Yasa’ya göre bu pasajda eksiksiz ve doğru tercüme edilen tek cümle yok ve bu kadarı için bile parantez açıp tevile sapılmış. Mütercime göre “bu sözler, hiç şüphesiz bu yoldaki bazı neşriyattan iktibas edilmiş olmakla” beraber yanlıştır, çünkü “onu, tam da bir Hıristiyan misyonerinin isteyebileceği kadar İslâmiyet düşmanı” göstermektedir. Halbuki o, “Türkün dini Müslümanlıktır” demiştir; halbuki M. Kemal sadece “hurafe ve yobazlığın düşmanı idi”.
Benoist-Méchin’in bu sözleri kafasından uydurmadığı muhakkak olduğu gibi, tahlillerinin de dayanaksız olmadığı aşikârdır. Kendisi bu sözler için 1956 baskısının 451. sayfasında hususen H. C. Armstrong’un Grey Wolf’u ile Stephan Ronart’ın La Turquie d’aujourd’hui’sini kaynak göstermekte, bunlara Nutuk’un 1928 Münih baskısını, TBMM Zabıtları’nı vs. ilave etmektedir.
Benoist-Méchin’in eserinin Bilgi Yayınevi tarafından basılan ikinci tercümesini yapan Büyükelçi Zeki Çelikkol da bir Atatürk fanatiği olarak tercümelerde tahrif yapmaktan çekinmediği gibi bazı sayfaları atmakta da sakınca görmüyor Yasa’nın ifadelerine göre.
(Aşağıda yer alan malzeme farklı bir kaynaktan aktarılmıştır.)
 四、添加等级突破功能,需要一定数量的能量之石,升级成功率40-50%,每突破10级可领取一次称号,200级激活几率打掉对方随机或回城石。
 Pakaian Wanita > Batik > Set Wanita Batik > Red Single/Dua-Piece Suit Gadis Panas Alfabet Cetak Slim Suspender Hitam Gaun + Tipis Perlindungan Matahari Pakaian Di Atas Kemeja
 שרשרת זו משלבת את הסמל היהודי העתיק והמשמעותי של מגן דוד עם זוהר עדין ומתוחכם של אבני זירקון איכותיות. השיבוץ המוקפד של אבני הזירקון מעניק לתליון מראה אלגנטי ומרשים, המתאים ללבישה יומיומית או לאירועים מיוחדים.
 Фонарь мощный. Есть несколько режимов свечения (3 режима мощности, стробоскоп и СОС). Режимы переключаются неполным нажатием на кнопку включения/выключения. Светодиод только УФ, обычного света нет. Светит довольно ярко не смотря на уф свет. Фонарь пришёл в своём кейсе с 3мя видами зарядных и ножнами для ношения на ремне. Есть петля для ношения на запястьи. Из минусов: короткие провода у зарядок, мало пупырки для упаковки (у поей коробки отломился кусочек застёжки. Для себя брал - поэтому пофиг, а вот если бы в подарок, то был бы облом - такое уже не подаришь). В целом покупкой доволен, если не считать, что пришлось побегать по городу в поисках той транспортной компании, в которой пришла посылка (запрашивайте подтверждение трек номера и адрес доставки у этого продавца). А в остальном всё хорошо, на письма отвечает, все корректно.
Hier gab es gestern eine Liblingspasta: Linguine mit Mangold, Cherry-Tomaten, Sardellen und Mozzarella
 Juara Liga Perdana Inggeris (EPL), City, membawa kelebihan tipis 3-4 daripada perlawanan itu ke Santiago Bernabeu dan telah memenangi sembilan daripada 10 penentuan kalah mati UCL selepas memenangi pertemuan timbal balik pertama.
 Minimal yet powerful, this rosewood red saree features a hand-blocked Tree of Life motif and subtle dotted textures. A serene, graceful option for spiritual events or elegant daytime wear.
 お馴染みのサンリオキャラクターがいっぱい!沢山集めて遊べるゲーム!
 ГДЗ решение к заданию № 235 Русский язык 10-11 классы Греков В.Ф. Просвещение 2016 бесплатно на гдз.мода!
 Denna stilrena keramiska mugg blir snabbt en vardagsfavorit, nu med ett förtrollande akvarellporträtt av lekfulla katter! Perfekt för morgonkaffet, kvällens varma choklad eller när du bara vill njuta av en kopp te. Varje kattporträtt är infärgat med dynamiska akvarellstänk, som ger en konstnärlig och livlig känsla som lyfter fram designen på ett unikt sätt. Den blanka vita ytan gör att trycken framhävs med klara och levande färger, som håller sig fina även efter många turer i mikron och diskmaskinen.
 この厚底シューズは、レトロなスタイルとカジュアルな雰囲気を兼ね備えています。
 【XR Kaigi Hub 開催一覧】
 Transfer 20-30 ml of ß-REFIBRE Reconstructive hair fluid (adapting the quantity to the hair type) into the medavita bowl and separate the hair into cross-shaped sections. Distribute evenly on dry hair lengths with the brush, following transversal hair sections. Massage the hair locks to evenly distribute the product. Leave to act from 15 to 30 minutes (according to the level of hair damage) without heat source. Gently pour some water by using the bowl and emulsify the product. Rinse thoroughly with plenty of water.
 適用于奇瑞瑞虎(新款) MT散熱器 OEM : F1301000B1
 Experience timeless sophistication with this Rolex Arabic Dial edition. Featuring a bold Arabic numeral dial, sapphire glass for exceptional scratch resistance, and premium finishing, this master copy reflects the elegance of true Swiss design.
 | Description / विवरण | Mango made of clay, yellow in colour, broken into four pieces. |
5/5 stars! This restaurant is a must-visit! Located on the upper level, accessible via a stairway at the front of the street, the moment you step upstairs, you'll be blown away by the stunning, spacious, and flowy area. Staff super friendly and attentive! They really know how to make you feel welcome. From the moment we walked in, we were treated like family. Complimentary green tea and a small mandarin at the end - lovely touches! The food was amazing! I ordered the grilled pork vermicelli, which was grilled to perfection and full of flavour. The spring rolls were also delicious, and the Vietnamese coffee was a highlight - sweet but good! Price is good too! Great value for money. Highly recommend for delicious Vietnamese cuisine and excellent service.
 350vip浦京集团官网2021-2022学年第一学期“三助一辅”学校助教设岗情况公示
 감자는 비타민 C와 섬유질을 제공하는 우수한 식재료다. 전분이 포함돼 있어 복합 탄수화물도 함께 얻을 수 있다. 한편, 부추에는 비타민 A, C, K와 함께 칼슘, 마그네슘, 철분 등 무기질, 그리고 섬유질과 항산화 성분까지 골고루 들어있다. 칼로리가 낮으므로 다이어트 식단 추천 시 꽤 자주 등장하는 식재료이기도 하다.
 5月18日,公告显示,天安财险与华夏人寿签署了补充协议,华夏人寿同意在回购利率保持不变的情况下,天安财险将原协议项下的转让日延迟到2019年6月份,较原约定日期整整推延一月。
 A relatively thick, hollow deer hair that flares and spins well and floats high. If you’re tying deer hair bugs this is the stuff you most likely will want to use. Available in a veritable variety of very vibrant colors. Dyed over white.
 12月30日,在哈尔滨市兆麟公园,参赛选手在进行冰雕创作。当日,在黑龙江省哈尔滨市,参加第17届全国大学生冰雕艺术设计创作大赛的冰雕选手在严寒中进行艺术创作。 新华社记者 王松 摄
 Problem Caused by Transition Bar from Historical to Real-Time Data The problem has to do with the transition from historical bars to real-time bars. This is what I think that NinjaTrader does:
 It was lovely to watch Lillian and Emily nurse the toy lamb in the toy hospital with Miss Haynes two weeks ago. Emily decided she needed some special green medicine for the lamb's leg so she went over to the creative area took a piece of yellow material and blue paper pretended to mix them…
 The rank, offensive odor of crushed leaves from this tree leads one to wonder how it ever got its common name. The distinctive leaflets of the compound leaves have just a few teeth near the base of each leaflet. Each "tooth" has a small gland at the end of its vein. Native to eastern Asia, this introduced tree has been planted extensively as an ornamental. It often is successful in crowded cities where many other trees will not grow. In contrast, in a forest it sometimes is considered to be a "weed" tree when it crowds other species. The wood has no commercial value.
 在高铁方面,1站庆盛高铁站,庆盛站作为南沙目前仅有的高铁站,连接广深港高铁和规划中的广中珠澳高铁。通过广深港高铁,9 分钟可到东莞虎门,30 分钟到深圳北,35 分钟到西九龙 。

Yasa’ya göre Kemalist propagandanın tam bir utanç vesikası olan bir başka “tercüme”nin mütercimi Ahmet Çuhadır. Kum Saati Yayınları tarafından 2001’de Kurt ve Pars başlığıyla basılan bu kitapta da Kemalist propagandayı sıkıntıya sokacak pek çok sayfa tabir caizse buharlaşmış.